1.1 Introduction
Berwick and Chomsky (2015) raise the question of why it is only us, Homo sapiens, who can speak language, think in language, and make use of language for all sorts of purposes. Their answer is essentially that it’s because we are the only species that has Merge. Merge is, it is assumed, a recursive generative procedure of the human faculty of language that takes n (typically two) objects, Σ1, …, Σn, and forms an unordered set, {Σ1, …, Σn}.
- (1) Merge(Σ1, …, Σn) = {Σ1, …, Σn}
The contemporary theory of bare phrase structure (Chomsky 1994 et seq.) hypothesizes that virtually every phrase structure of human language is uniformly generated by Merge, applied in an unbounded fashion. Structural representations generated by Merge are then variously utilized by human performance systems, notably by the Conceptual-Intentional (CI) system and the Sensorimotor (SM) system, thereby leading to various mental capacities of human cognition. According to Berwick and Chomsky, Homo sapiens is a unique organism, essentially by virtue of Merge and its various cognitive applications.
Now, we would like to pose the following question: Why only Merge?
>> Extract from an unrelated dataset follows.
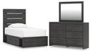 Hollivern Twin Panel Storage Bed with Mirrored Dresser
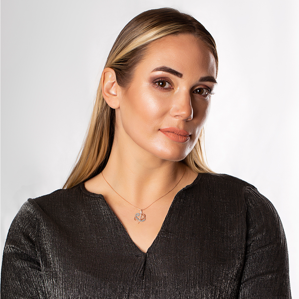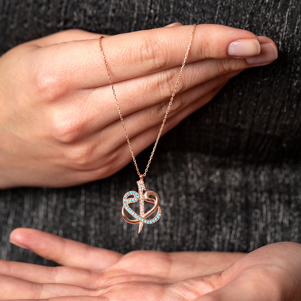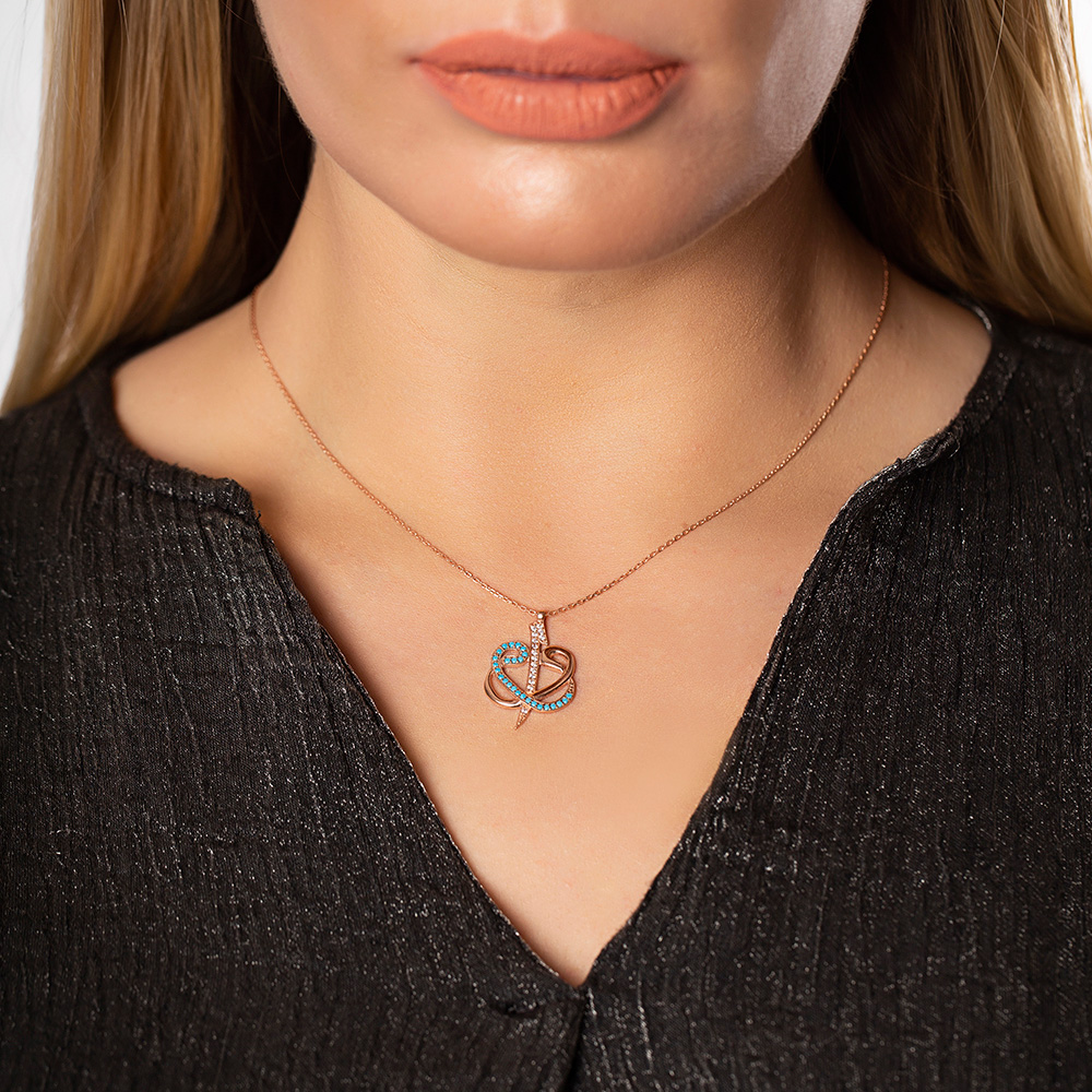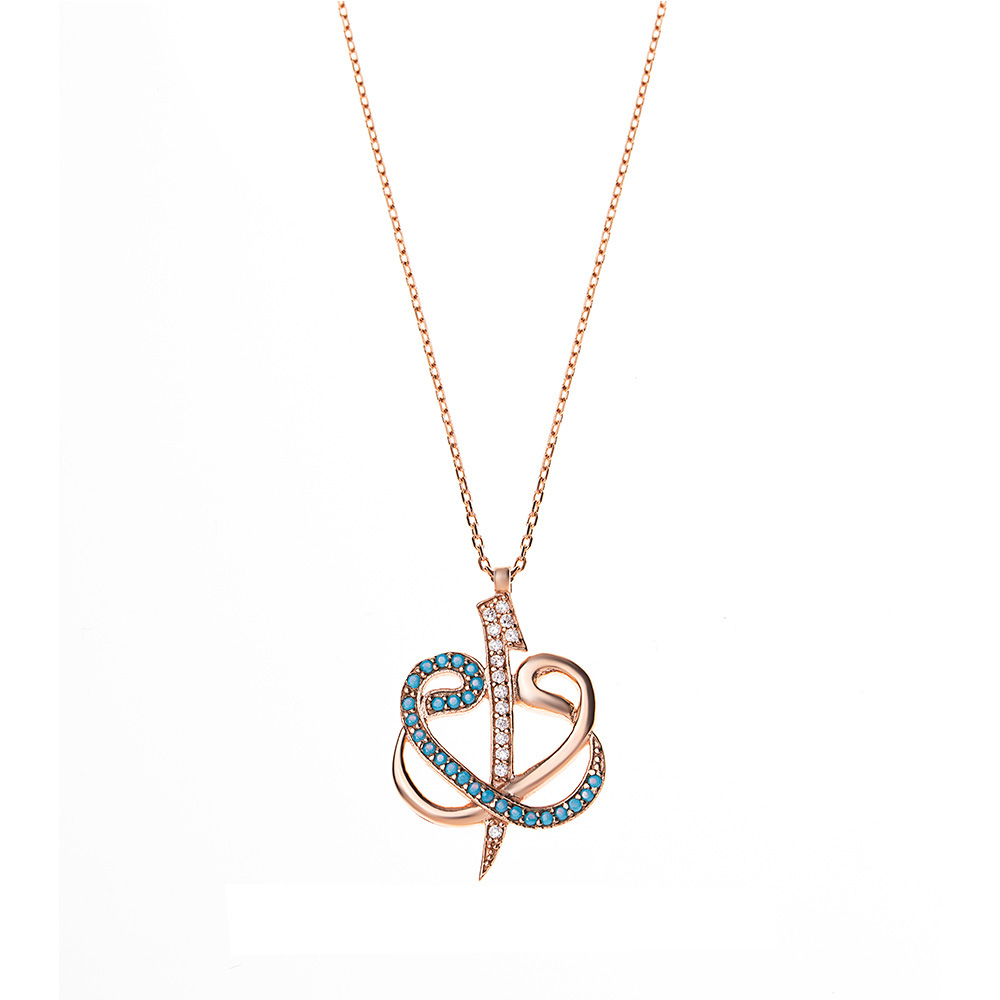 Mavi Beyaz Zirkon Taşlı Çift Elif Vav 925 Ayar Gümüş Bayan Kolye

The question is ambiguous, interpretable at least in three different manners.1 So, more specifically, we would like to ask:
| Question 1: | Why only Merge?—Why do linguists, Berwick and Chomsky, among others, want to claim that it is Merge that instantiates the only distinctive property of human language? What is supposed to be the empirical gain from this proposal? |
| Question 2: | Why only Merge?—Why do they want to claim that Merge is the only species-specific property, disregarding other cognitive capacities of human beings, which may or may not be as innate, innovative, and/or specific? |
| Question 3: | Why only Merge?—Why is it only Merge, and not any other devices, that has the properties it does and that was allowed to emerge by virtue of the evolution-development of human beings? That is, why is Merge as it is rather than any other way? |
1.2 Only Merge, because it is minimally necessary to capture the Basic Property of human language
We will first address Question 1. The answer to this question is related to a longstanding observation about the ordinary use of human language.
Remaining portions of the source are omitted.